What was essentially a backroom deal between Trump’s people, as we now know a collection of crooks, fraudsters and conmen, and the leaders of the Christian Right, arguably not much better, was sold to their followers in three ways. First they were told that whatever he might have been in the past, Trump was ‘born again’, was now a true Christian. For those not gullible enough to fall for this, his personal character and lack of any taint of Christianity did not matter because God had chosen him to defend the faithful regardless. Isaiah 45 was the key text where Cyrus the Great is enlisted to do God’s work even though he is a brutal, pagan despot. And lastly there was the enormity of the threat to Christian America posed by a Clinton Presidency. Obama, whom many evangelicals seriously believed was a secret Muslim (in 2015 43% of Republicans polled believed this), let alone a Kenyan, as far as the Christian Right was concerned had prepared the way for the final triumph of secular humanism in the guise of Hillary Clinton. On the more extreme fringes of the Christian Right, Hillary Clinton was seen as demonically inspired, personally involved in the rape of hundreds of children, before sacrificing them to Baal. While in Britain, these are people you would try to avoid sitting next to on the bus or down the pub, in the US, it is worth remembering, there are a lot more of them and they are usually heavily armed. One particular real threat that exercised the Christian Right, however, was that a Clinton administration would withhold federal funds to the tune of hundreds of millions of dollars from Christian colleges, most notably Liberty University, that refused to employ gay staff. Just for the record, the current president of Liberty University, Jerry Falwell Junior, has actually urged students to get permits to carry concealed firearms!

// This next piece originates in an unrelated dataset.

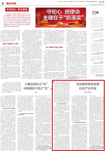 9月9日,《天津日报》(理论创新版)刊发天津市中国特色社会主义理论体系研究中心研究员,今年会今年会jinnianhui官网韦颜秋副教授理论文章“加快融租赁发展 拉动产业升级”。文章指出,天津经济正进入结构调整、产业升级、创新孵化、孕育高质量发展的关键时期,融资租赁具有独特资源配置功能,有望在天津新一轮发展契机中发挥引领和带动作用,加速产业升级、培育新兴产业。从企业总部设立数量、注册资金和业务总量三项指标来看,近几年,我市融资租赁稳步发展,一直处于全国领先地位。融资租赁具备得天独厚的优势,是推进经济高质量发展的重要方面,重新审视融资租赁之于产业升级和经济发展的意义和功能,谋划兼具创新性和实践性的对策建议,成为当前亟须思考的重大议题。文章从对融资租赁功能的再认识、充分发挥融资租赁作用的对策两个方面就加快融资租赁发展,拉动天津产业升级做了详细阐释。
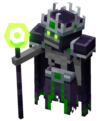 The Nameless One, also known as the Necromancer, is a boss variant of the necromancer in Minecraft Dungeons. It wields a staff that allows it to summon the Undead. It is found in the Desert Temple.

With the support of the Christian Right, Trump won. He is in the process of handing the federal judiciary, including the Supreme Court over to the Christian Right, and he has recognised Jerusalem as the capital of Israel, an essential part of Christian Right eschatology. He has surrounded himself  with people whom Fea describes as no better than ‘Court Evangelicals’, an assembly of evangelical pastors ready to defend his every utterance, his every action. Among the most prominent is Paula White, credited by many evangelicals with actually bringing Trump to God. She is a proponent of the ‘prosperity gospel’ that celebrates wealth and the wealthy. One can see why Trump finds this  doctrine amenable. One anecdote is enough to capture the essence of her particular school of Christianity: in 2016 she preached a sermon from John 11:44 regarding the raising of Lazarus from the dead. She went on to tell her followers that God had told her to tell them that they too could overcome life’s difficulties ‘if they would only “sow the seed of faith” in the form of a $1144 donation to her ministry… Those who donated would receive an anointed “prayer cloth” that would bring “signs and wonders” to their lives’. These people are themselves completely without shame so it is hardly a surprise that they continue to support Trump.

Fea hopes that the period of Christian Right dominance is coming to an end, that their hold over the evangelical movement is weakening. He looks to growing numbers of young evangelicals turning against Trump and what he stands for, rejecting the culture wars and the politics of Fear. It has to be said that at the time of writing there is little sign of this, although it is vitally important to always remember that there are and indeed always have been many liberal, even radical evangelicals. For the time being his book is a very useful contribution to our understanding of the Christian Right.